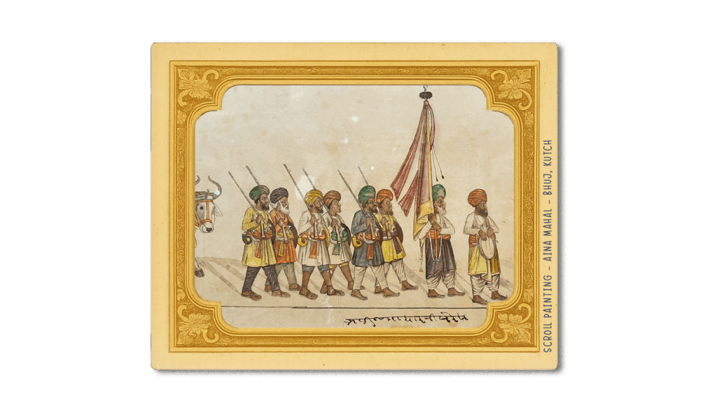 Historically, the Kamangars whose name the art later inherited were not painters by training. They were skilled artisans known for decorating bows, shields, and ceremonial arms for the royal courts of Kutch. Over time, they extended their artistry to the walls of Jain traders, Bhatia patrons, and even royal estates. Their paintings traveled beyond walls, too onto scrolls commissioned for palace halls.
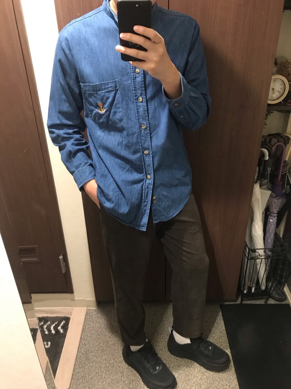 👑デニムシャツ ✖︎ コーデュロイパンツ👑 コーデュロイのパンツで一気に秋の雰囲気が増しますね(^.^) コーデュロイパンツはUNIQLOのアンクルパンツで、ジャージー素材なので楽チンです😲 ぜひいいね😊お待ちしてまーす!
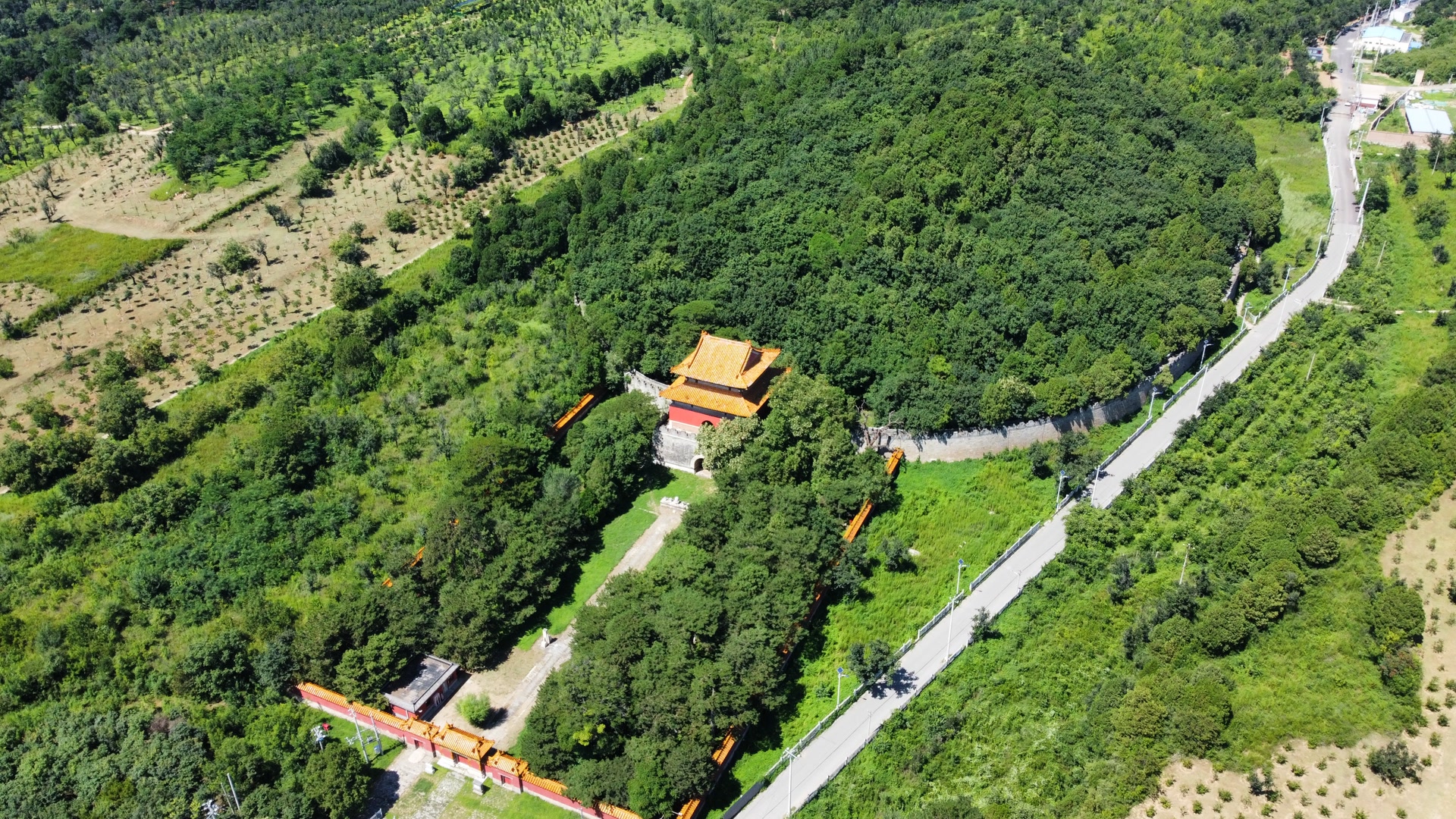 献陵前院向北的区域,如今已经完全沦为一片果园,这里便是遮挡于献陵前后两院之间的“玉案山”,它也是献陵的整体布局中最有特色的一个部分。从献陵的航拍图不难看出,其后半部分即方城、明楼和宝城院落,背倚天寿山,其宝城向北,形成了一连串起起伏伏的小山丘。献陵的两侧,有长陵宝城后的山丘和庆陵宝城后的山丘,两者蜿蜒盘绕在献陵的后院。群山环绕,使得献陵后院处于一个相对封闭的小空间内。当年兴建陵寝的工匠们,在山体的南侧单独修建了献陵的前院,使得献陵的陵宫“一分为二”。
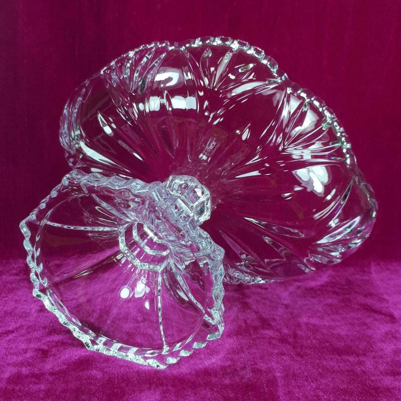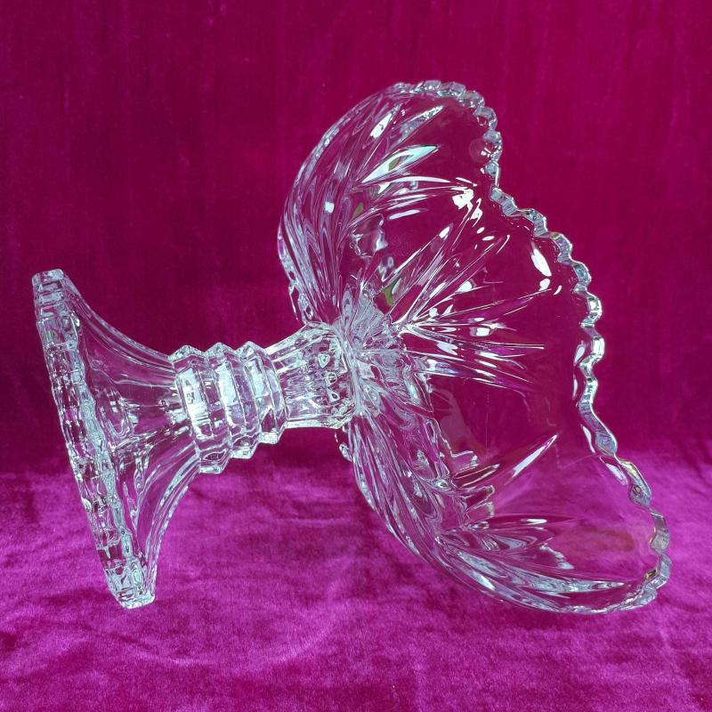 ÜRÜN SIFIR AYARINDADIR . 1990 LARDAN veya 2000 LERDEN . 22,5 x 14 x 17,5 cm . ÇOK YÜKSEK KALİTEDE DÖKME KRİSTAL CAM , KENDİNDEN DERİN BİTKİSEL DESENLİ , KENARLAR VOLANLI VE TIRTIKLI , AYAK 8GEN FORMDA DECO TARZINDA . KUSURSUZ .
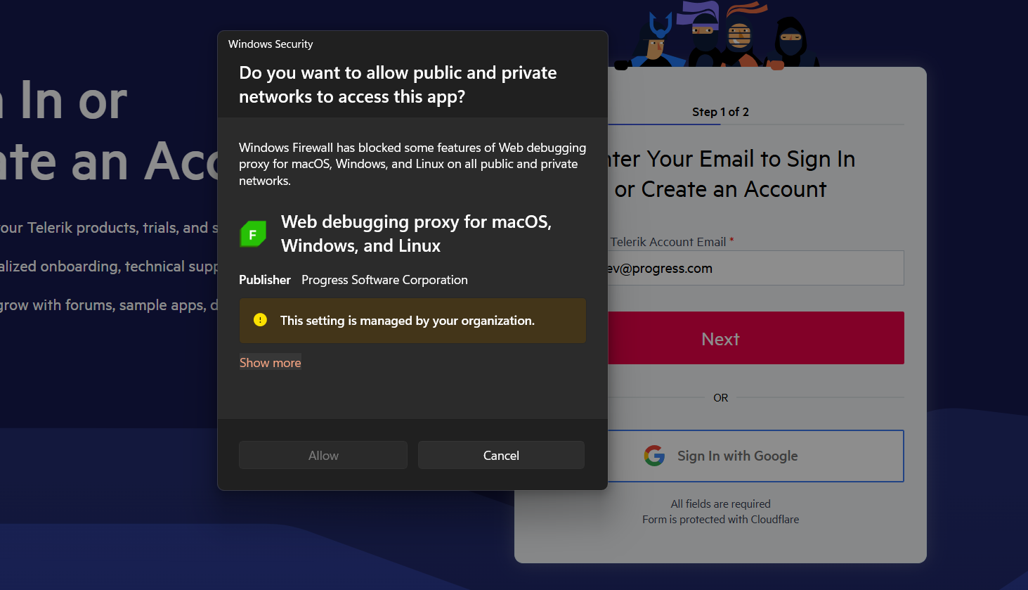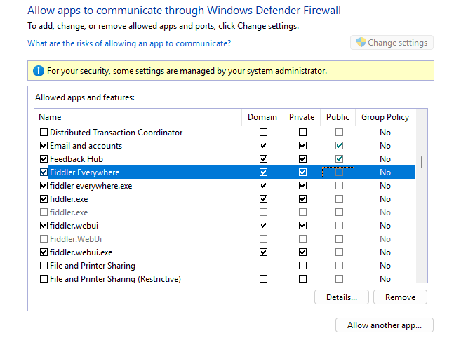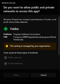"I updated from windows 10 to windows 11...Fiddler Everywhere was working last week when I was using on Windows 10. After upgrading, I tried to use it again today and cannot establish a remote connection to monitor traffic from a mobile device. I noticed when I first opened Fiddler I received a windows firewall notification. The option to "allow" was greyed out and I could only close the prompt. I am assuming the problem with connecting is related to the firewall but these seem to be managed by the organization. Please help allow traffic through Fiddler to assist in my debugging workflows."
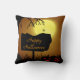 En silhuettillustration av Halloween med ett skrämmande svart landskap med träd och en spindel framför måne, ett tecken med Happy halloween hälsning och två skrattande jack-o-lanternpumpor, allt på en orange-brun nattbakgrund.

───

Output all of the records exactly as they appear above, but not the pictures.

**Task output**:
 Historically, the Kamangars whose name the art later inherited were not painters by training. They were skilled artisans known for decorating bows, shields, and ceremonial arms for the royal courts of Kutch. Over time, they extended their artistry to the walls of Jain traders, Bhatia patrons, and even royal estates. Their paintings traveled beyond walls, too onto scrolls commissioned for palace halls.
 👑デニムシャツ ✖︎ コーデュロイパンツ👑 コーデュロイのパンツで一気に秋の雰囲気が増しますね(^.^) コーデュロイパンツはUNIQLOのアンクルパンツで、ジャージー素材なので楽チンです😲 ぜひいいね😊お待ちしてまーす!
 献陵前院向北的区域,如今已经完全沦为一片果园,这里便是遮挡于献陵前后两院之间的“玉案山”,它也是献陵的整体布局中最有特色的一个部分。从献陵的航拍图不难看出,其后半部分即方城、明楼和宝城院落,背倚天寿山,其宝城向北,形成了一连串起起伏伏的小山丘。献陵的两侧,有长陵宝城后的山丘和庆陵宝城后的山丘,两者蜿蜒盘绕在献陵的后院。群山环绕,使得献陵后院处于一个相对封闭的小空间内。当年兴建陵寝的工匠们,在山体的南侧单独修建了献陵的前院,使得献陵的陵宫“一分为二”。
 ÜRÜN SIFIR AYARINDADIR . 1990 LARDAN veya 2000 LERDEN . 22,5 x 14 x 17,5 cm . ÇOK YÜKSEK KALİTEDE DÖKME KRİSTAL CAM , KENDİNDEN DERİN BİTKİSEL DESENLİ , KENARLAR VOLANLI VE TIRTIKLI , AYAK 8GEN FORMDA DECO TARZINDA . KUSURSUZ .
"I updated from windows 10 to windows 11...Fiddler Everywhere was working last week when I was using on Windows 10. After upgrading, I tried to use it again today and cannot establish a remote connection to monitor traffic from a mobile device. I noticed when I first opened Fiddler I received a windows firewall notification. The option to "allow" was greyed out and I could only close the prompt. I am assuming the problem with connecting is related to the firewall but these seem to be managed by the organization. Please help allow traffic through Fiddler to assist in my debugging workflows."
 En silhuettillustration av Halloween med ett skrämmande svart landskap med träd och en spindel framför måne, ett tecken med Happy halloween hälsning och två skrattande jack-o-lanternpumpor, allt på en orange-brun nattbakgrund.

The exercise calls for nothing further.